OTTAWA - U.S. President Barack Obama's rejection of the Keystone XL pipeline illustrates vividly why Canada must confront the challenge of finding a sustainable way to develop the oilsands, Global Affairs Minister Stephane Dion said Friday.
The seven-year Keystone odyssey came to an end with Washington's thumbs-down on a cross-border permit for Calgary-based TransCanada Corp., which hoped to ship up to 830,000 barrels a day of Alberta crude to refineries on the U.S. Gulf Coast through the 1,897-kilometre line.
The new Liberal government in Ottawa, however, is indicating the push for new pipeline capacity is far from over.
The government is disappointed, said Dion, and Prime Minister Justin Trudeau made that point "very clearly" in a phone call Friday with the U.S. president.
"We want to have a fresh start regarding both the issue of environment and climate change, and also our energy challenge as a continent."
Many environmental groups are adamant there can be no more expansion of oilsands production — meaning no new pipelines — if Canada is to play the responsible role in the global fight against climate change that Trudeau has promised.
"I respect their view, but it's not our view," said Dion, his foreign portfolio newly christened as Global Affairs, following a cabinet orientation meeting at department's fortress-like downtown building.
"We didn't say, 'We'll close the shop and then we will not have any pollution.'"
Dion, a former Liberal environment minister and party leader who ran in the 2008 federal election on a dramatic carbon taxation platform, said the latest Liberal platform said nothing about freezing oilsands development.
"We believe in development but it must be sustainable, including for the oilsands," said Dion, before adding a veiled shot at the pro-resource policies of the previous Conservative government.
"It's a challenge but we will do it with the industry, with the province of Alberta, we'll do it all together. We have no choice. We see the result today when we try to avoid the challenge.
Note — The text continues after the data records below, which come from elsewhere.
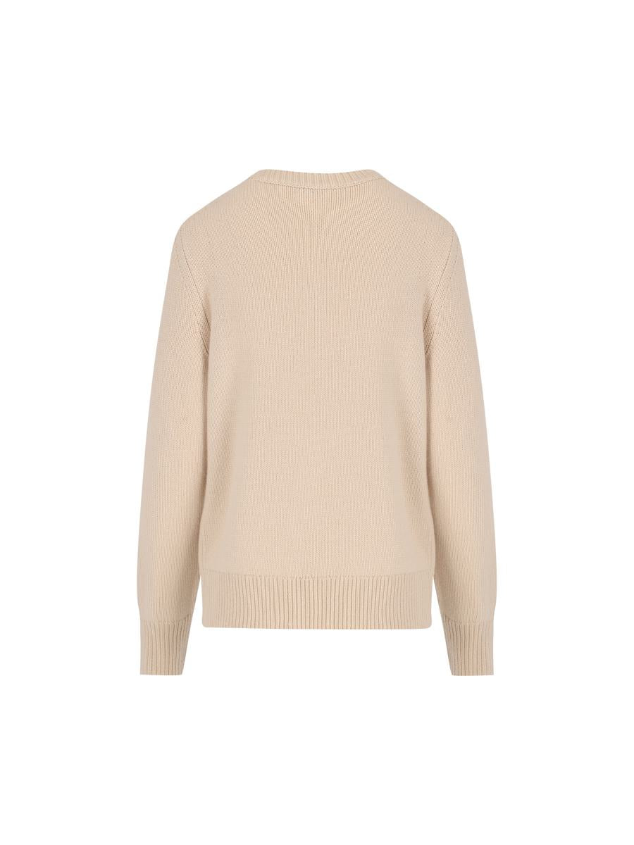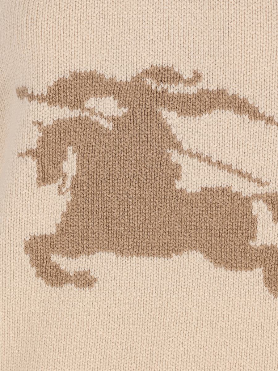 Burberry wool and cashmere pullover with a jacquard pattern depicting the Equestrian Knight Design (EKD). The model features a regular fit with slightly dropped shoulders, round neckline and ribbed trim. A soft and comfortable garment featuring an iconic detail that recalls the brand's heritage with a modern twist. - Material: 71% wool, 29% cashmere - Color: beige - Finish: 70% wool, 28% cashmere, 1% elastane, 1% polyamide - Logo and Equestrian Knight Design on front - Made in Italy - Item code: 8114157A4186
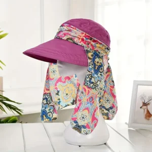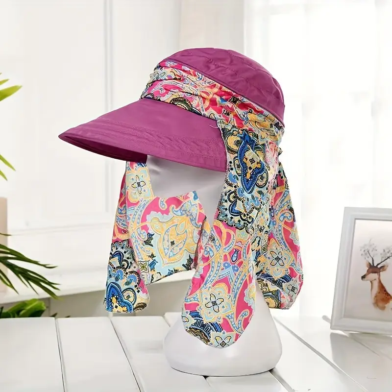 Chapeau d’été pour femme avec bord extra-large, casquette de protection UV pour le cyclisme en plein air, pare-soleil pliable coupe-vent, motif floral, ajustement réglable, tissu respirant
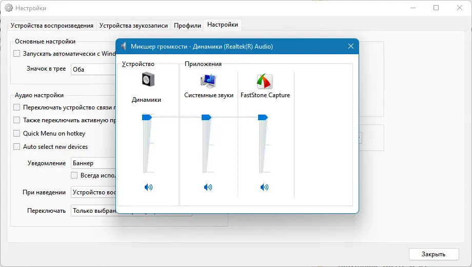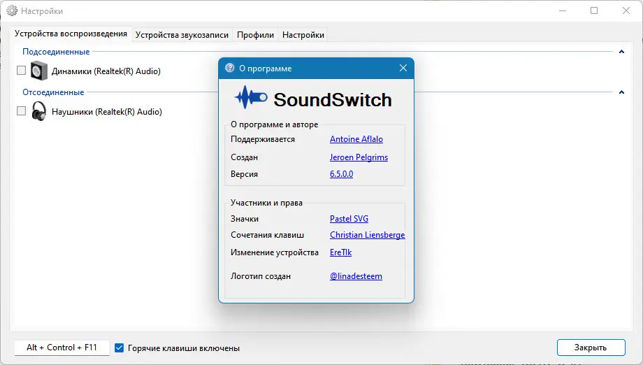- Поддержка горячих клавиш для переключения устройств воспроизведения и записи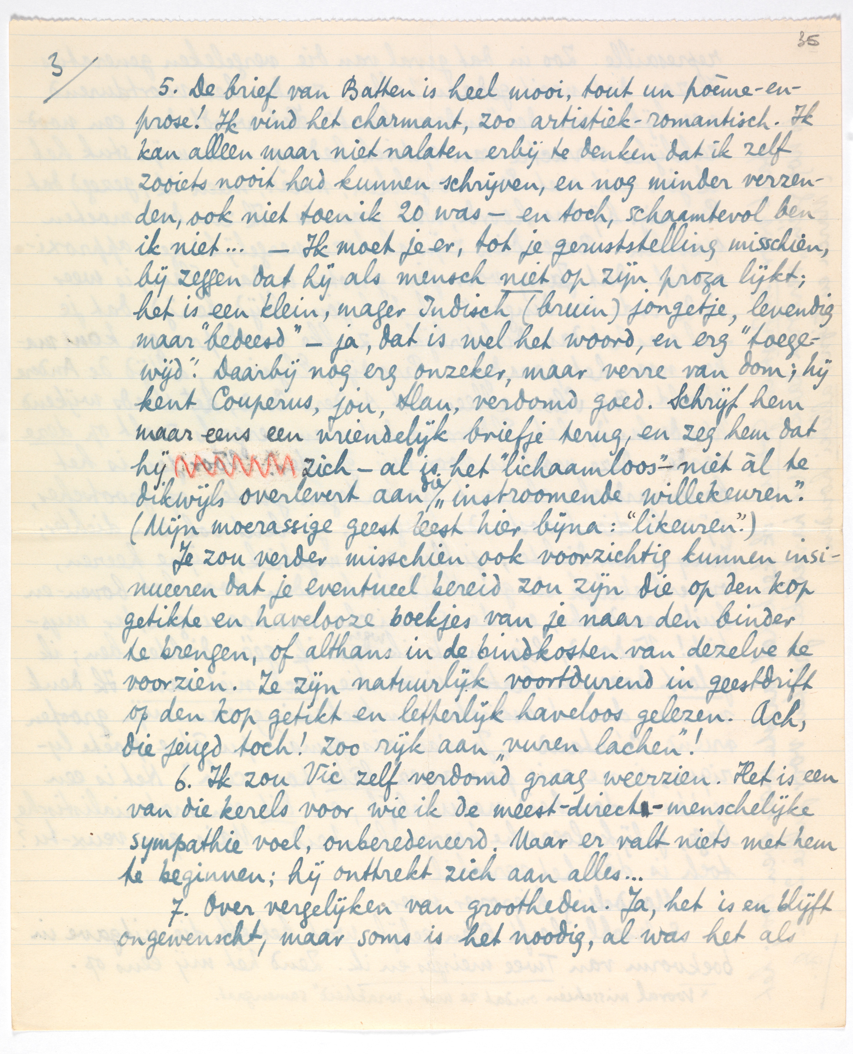 | 5. | De brief van Batten is heel mooi, tout un poème-en-prose! Ik vind het charmant, zoo artistiek-romantisch. Ik kan alleen maar niet nalaten erbij te denken dat ik zelf zooiets nooit had kunnen schrijven, en nog minder verzenden, ook niet toen ik 20 was - en toch, schaamtevol ben ik niet... - Ik moet je er, tot je geruststelling misschien, bij zeggen dat hij als mensch niet op zijn proza lijkt; het is een klein, mager Indisch (bruin) jongetje, levendig maar ‘bedeesd’ - ja, dat is wel het woord, en erg ‘toegewijd’. Daarbij nog erg onzeker, maar verre van dom; hij kent Couperus, jou, Slau, verdomd goed. Schrijf hem maar eens een vriendelijk briefje terug, en zeg hem dat hij zich - al is het ‘lichaamloos’ - niet àl te dikwijls overlevert aan die ‘instroomende willekeuren’. (Mijn moerassige geest leest hier bijna: ‘likeuren’.)

The challenge will face up anyway."
His comments stand in contrast to those of the U.S. State Department, which flatly asserted Friday that the U.S. couldn't approve Keystone XL while purporting to be a global leader on climate action.
"The decision to approve the proposed project would have been viewed internationally as inconsistent with the broader U.S. transition to less polluting forms of energy," one State Department official said during a background briefing after Obama formally announced the permit rejection.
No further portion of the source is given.